My other day job (besides running around after the kiddles) will be heating up over the coming month or so, and as a result, posting here is likely to be lighter than I’d prefer. Truth is, until I rig things somehow so that this blog stuff pays me more than it costs me – that is, fiscally; it’s already priceless to me, emotionally and intellectually – from time to time, I have to pay more attention to my paying gigs.
Of course, the last time I went on a work-induced, month-long prose diet I had a very hard time keeping to it. I posted pictures daily, but some of the captions to the pictures kind of streeeeeeeetched the distinction between “caption” and “post.” Really, the whole exercise just proved to me yet again that loquaciousness is congenital: it can’t be cured; one can only just learn to live with it.
(It also proved to me that I can never Twitter. I did squat my name over there, and I do from time to time squander precious minutes pondering how I might be able to mend my ways, finally, and actually become brief. Okay, briefer. Ha! But I digress! Ha! See? I’m doomed! This right here? Nearly double the 140-character Tweet allotment!)

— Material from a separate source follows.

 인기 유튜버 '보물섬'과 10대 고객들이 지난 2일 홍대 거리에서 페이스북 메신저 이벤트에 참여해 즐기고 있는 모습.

As is my custom when the discretionary writing time dries up, I’ll try to post pictures at least (can anyone besides the grandparents actually tolerate that many pictures of my dang kids? we’ll find out!). But there’ll be more than a mountain of kid pix to keep you engaged here at Casa LD. The observant among you may already have noticed that I’ve set up a little “One-stop Election Obsession Corner” in the sidebar over there to the right, too. No, down a bit. Yeah, there. [Later note: revised, after the election, to a Prop 8 & News links section]
I’ll be putting a quotation from some illuminating recent article (illuminating to me, at least) in the “Featured election/news analysis” section, along with a few more links. Each of these I’ll freshen up every coupla days at most. Since I sure as heck will be sponging up as much ongoing election news as I can, regardless of how busy the work life gets. If all goes well, I’ll also be spending more away-from-the-blog time actually phone banking or otherwise on the stump for the Obama and the No on 8 campaigns.

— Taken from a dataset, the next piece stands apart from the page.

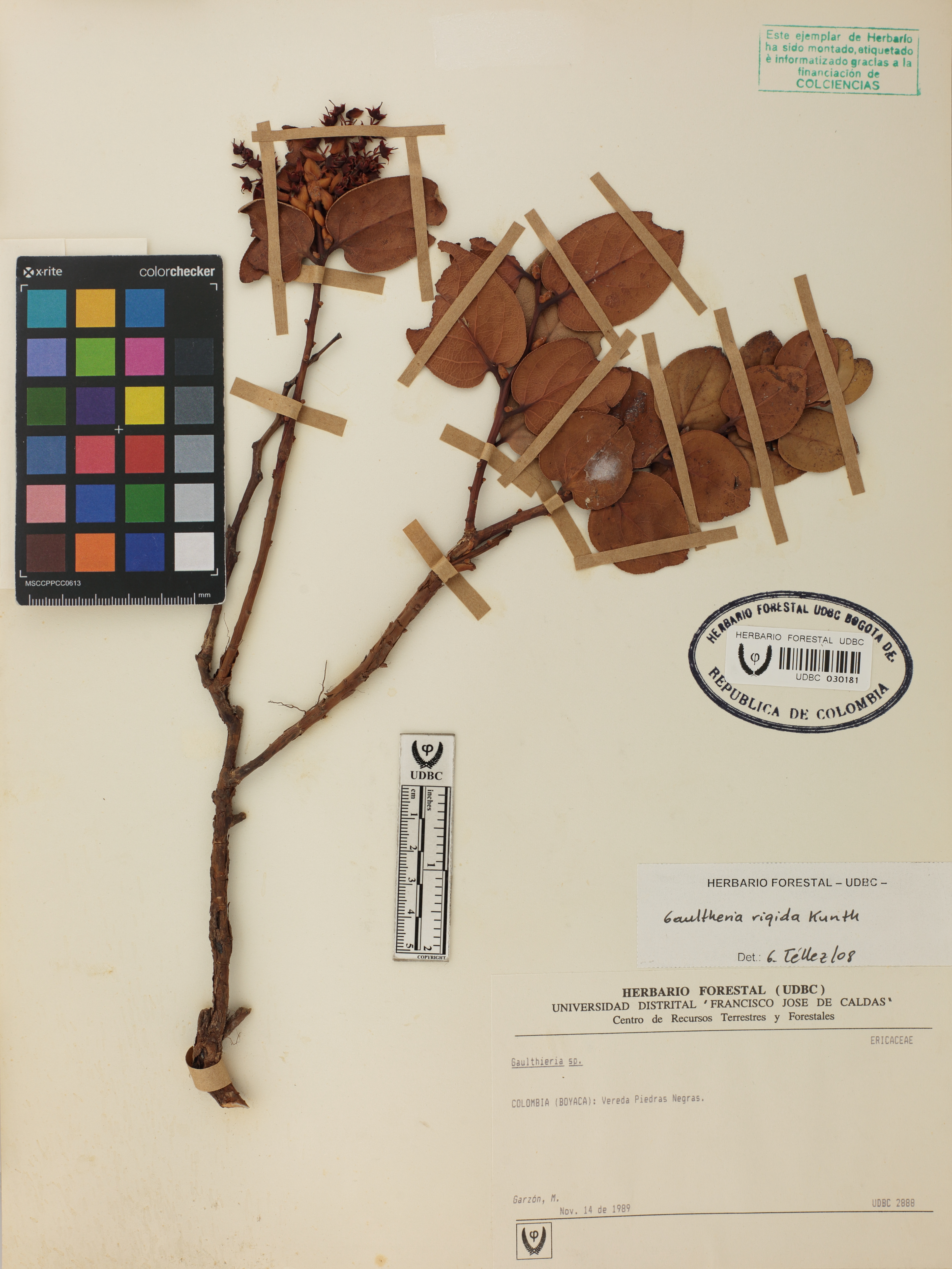 Fotografía del ejemplar Garzón, M., determinado como Gaultheria rigida en el año 2008

Because never in the seven national elections in which I’ve voted have I felt more (a) concerned about the fate of the nation and the world, and the degree to which a US administration could influence it, and (b) excited that a nominee from the party I’ve voted in (oftentimes with plugged nose) is actually capable of understanding those concerns and addressing them intelligently.*
Likewise, never has an issue been up for vote in California that would more directly, more viscerally, more powerfully influence my everyday life. I have been a passionate opponent of various other bigoted state propositions in the past: anti-Affirmative Action, anti-immigrant, anti-young people of color, anti-gay marriage. Goddess knows California produces them nearly as prolifically as it does reality TV shows. But this one’s personal in a different way than these past battles have been.
The last time a bigoted, heterosexist anti-gay people ballot initiative came out, I wasn’t legally married. And why am I legally married? Well, (a) thanks to the very hard work of a great many other people, plus the symphonic combination of wisdom and courage shown by the California Supreme Court, it’s finally possible, and (b) I have two children who materially and emotionally benefit from my partnership’s equal stance, relative to those of my heterosexual neighbors, that’s why. Period.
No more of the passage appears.